Обрадоваться-то обрадовался, а все же что-то точило душу, зрели сомнения, тыкались слепыми пока мордочками, рвались наружу. И не пускал бы их Петр, а кто ж таких зверей остановить может? Никому не дано…
— Сегодня спать пораньше ляжем, — скучно сказал Иешуа, Как речь о быте, о ежедневном — так ему скучно. — Завтра с рассветом разбужу — пойдем все вместе на гору.
— На Елеонскую?
Усмехнулся:
— До горы Преображения далековато будет. Придется еще разок обмануть синопсис.
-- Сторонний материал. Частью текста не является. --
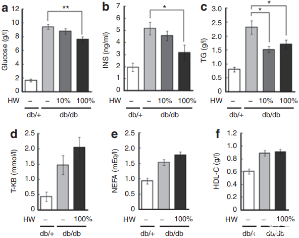 圖4、消耗分子氫抑制高血糖、高胰島素血癥和血漿甘油三酯水平。Db/db小鼠給予含100%(0.8mmol/l)或10%(0.08mmol/l)氫的水3個月。Db/+和db/db小鼠在相同時間內給予不含氫的水(HW)作為對照。進行生化分析以獲得db/+和db/db小鼠的血漿參數。(a)血漿葡萄糖濃度,(b)胰島素,(c)甘油三酯(TG),(d)總酮體(T-KB),(e)游離脂肪酸(NEFA),(f)高密度脂蛋白膽固醇(HDL-C),(g)低密度脂蛋白膽固醇(LDL-C),(h)總膽固醇(T-CHO),以及(i)脂聯素(ADN)顯示為平均值±標準誤(n=15)。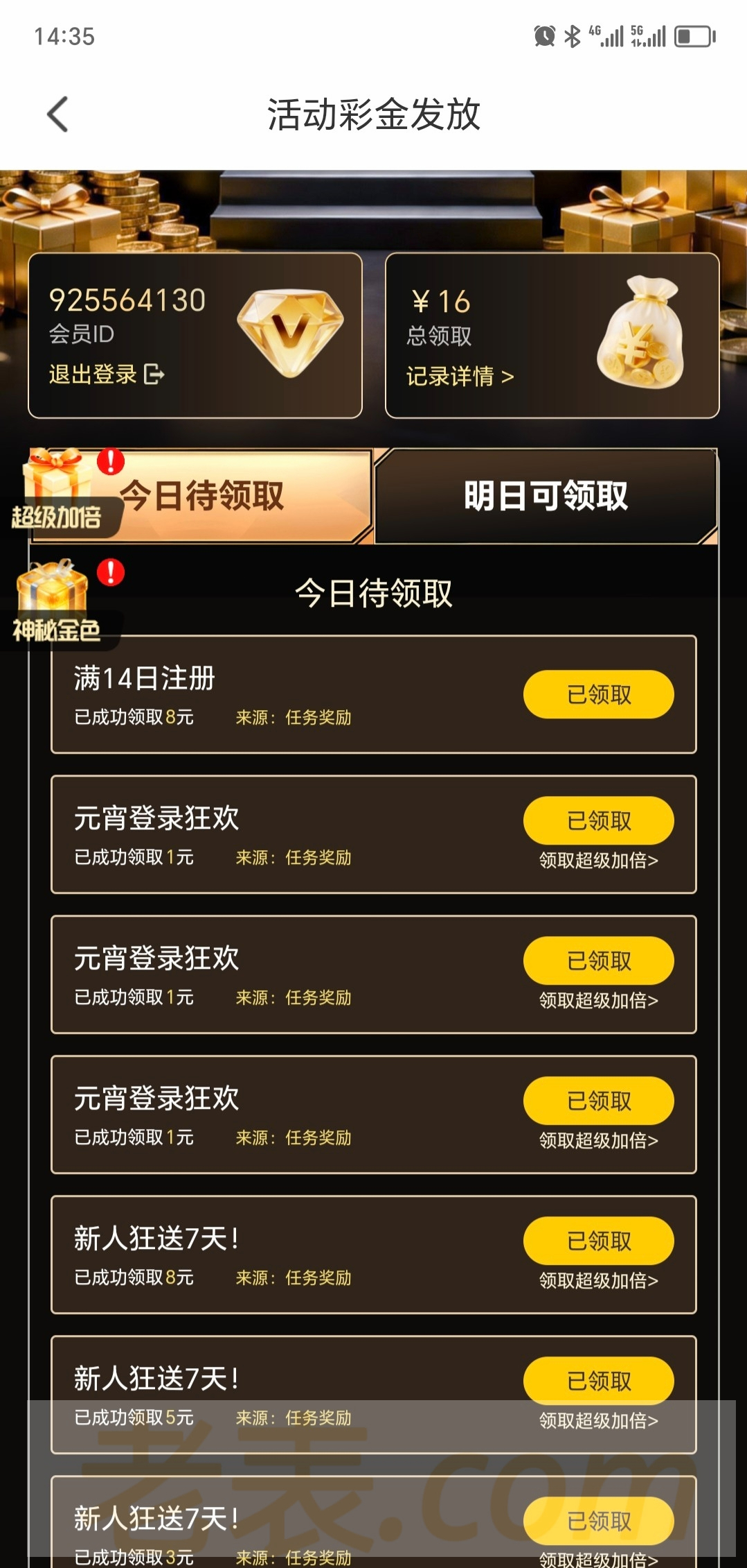 登录活动有个每日福利,输入ID就可以进去领,有就有没有就没有。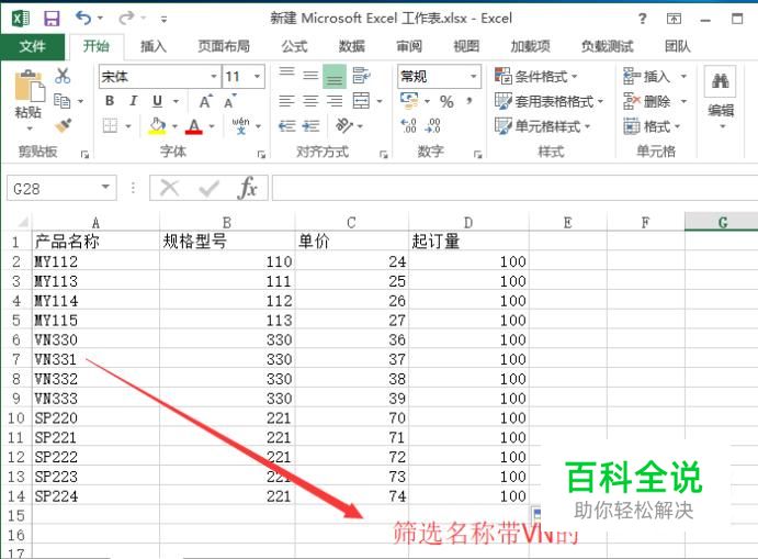 首先我们打开Excel软件并准备一个数据表,如下图所示,下面要筛选出名称中带VN的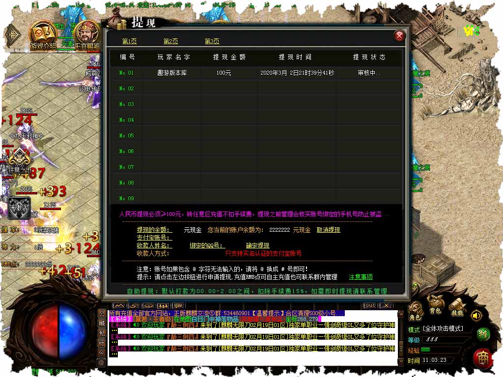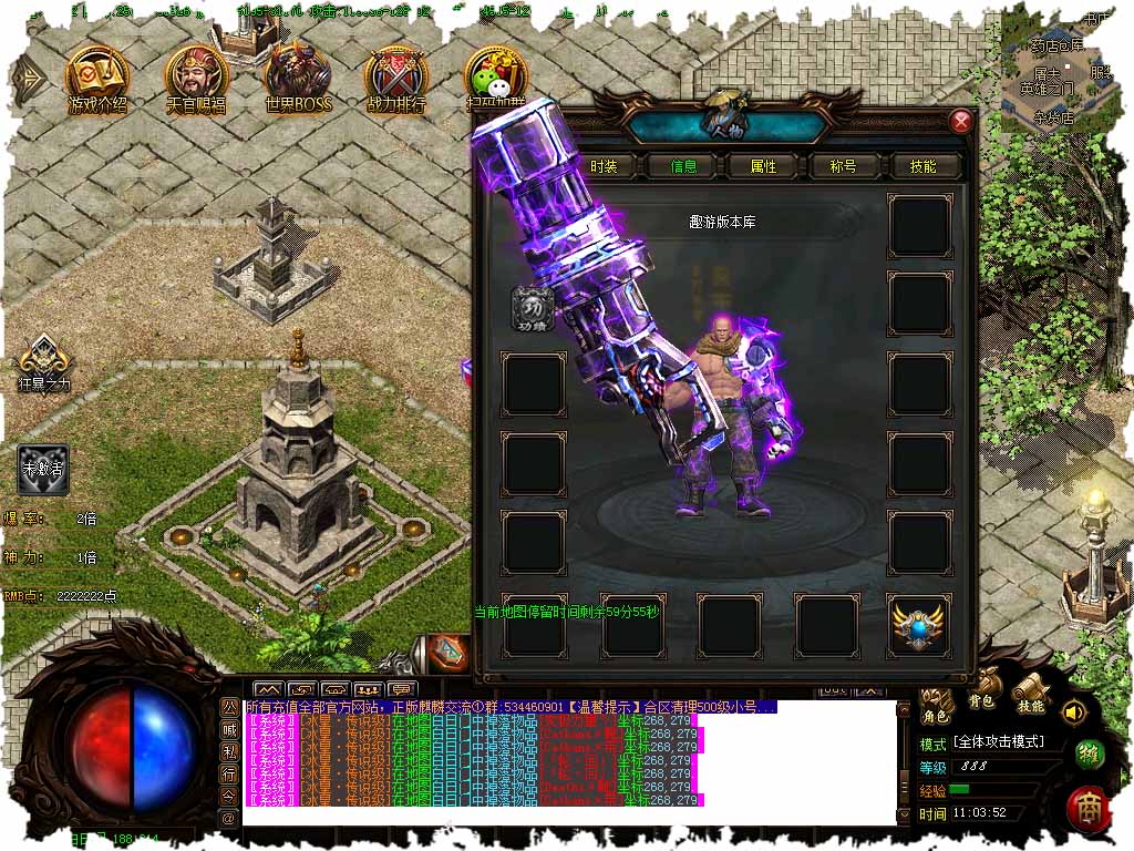 【版本介绍】本服货币有仙元、荣誉、元宝,游戏点,游戏点可以通过直接冲上或者打限时奖励获得,元宝和仙元,荣誉可以通过回收实物打怪获得。 【版本介绍】第十大地图的四个角落里有四个隐藏地图,四个隐藏地图里刷新超级BOSS。开启逆袭之路。 【版本介绍】新手上线领取群礼包,兑换码领取三大神技,领取隐身斗笠,初级特殊。 【版本介绍】开启捐献(刀刀冰冻怪物,刀刀切割怪物555W血量,爆率提升50%,自动捡物)。 【版本介绍】开通一个狂暴模式,额外增加0.4倍神力+基础神力=1.4倍神力,全元素加10%,攻魔道增加8888。 【版本介绍】购全服唯一礼包,赠送30级剑甲套,超级头盔,刀刀切割,1.0倍爆率,等级直飞500级,省心省力。 【版本介绍】然后进入新手地图打初级装备,然后进入捐献、狂暴等,还可打材料货币升称号转生。 【版本介绍】新增专属的奇缘任务,通关可直接获得合体加速装备(全部可以爆出)。 版本地址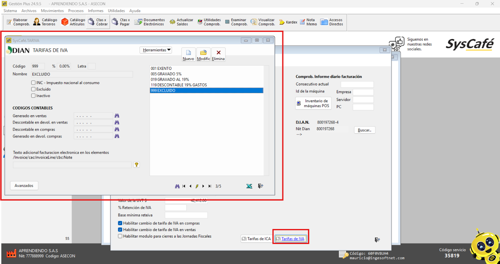 Ruta: Sistema – Parámetros – Fiscales – Botón Tarifas de IVA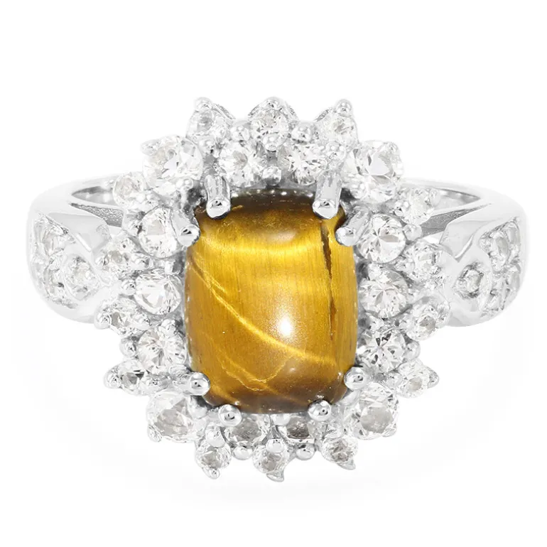 Dieser auffällige Ring besticht durch einen antiken Tigerauge-Cabochon von 2,17 Karat aus Südafrika, der von brillanten brasilianischen weißen Topas-Steinen umgeben ist. Der Ring ist aus elegantem 925er Sterlingsilber gefertigt und eignet sich sowohl für legere als auch für formelle Anlässe. Kombinieren Sie es mit einem schlichten schwarzen Kleid oder einer luxuriösen Robe, um seine lebendige Wärme und sein raffiniertes Funkeln zu unterstreichen.

— Неужто Нагорная проповедь? — изумился Петр. — Прочел, значит, и осознал: надо произнести… А я уж решил, что тебе — не до нее, да и время, ей отведенное в евангелиях, давно миновало…
— Я же обещал тебе порассуждать о десяти заповедях Моше. Желание у меня не исчезло, и время как раз пришло. Тем более что мне не понравилась проповедь, приписанная мне евангелистом. Одни повторы. Скучно…
Петр и без этой ремарки полагал, что проповедь будет Нагорной лишь географически — на горе произнесенной. Хоть и на друтой горе. А вот что он скажет — тайна сия велика есть. Пока. Для Петра. И похоже, так ею навсегда и останется — уже для будущих христиан, потому что, говоря по-русски, что написано пером — не вырубить топором. А слово сказанное — оно легко тает в воздухе, исчезает, забывается, а на смену ему приходят другие слова — те, что столь необходимы надежному и мудрому в своей надежности миру, в котором параллельные — всегда параллельны, а два плюс два — неизменно четыре…
Встали и впрямь рано — еще темно было. Наскоро позавтракали и вышли в путь. Ученики, мать, Мария из Магдалы, Марфа. Лазарь и старшая Мария остались дома — хозяйство держало, хотя Иешуа и обещал, что идут ненадолго… Он увел всех в сторону от нахоженной дороги, и рассвет они встретили на горной поляне, скрытой от праздных прохожих, на какой-то даже радостной в первых лучах солнца — странный эпитет пришел на ум Петру! — поляне, где вольно росли миртовые кусты, сочно зеленела трава и дул несильный и нежаркий ветерок.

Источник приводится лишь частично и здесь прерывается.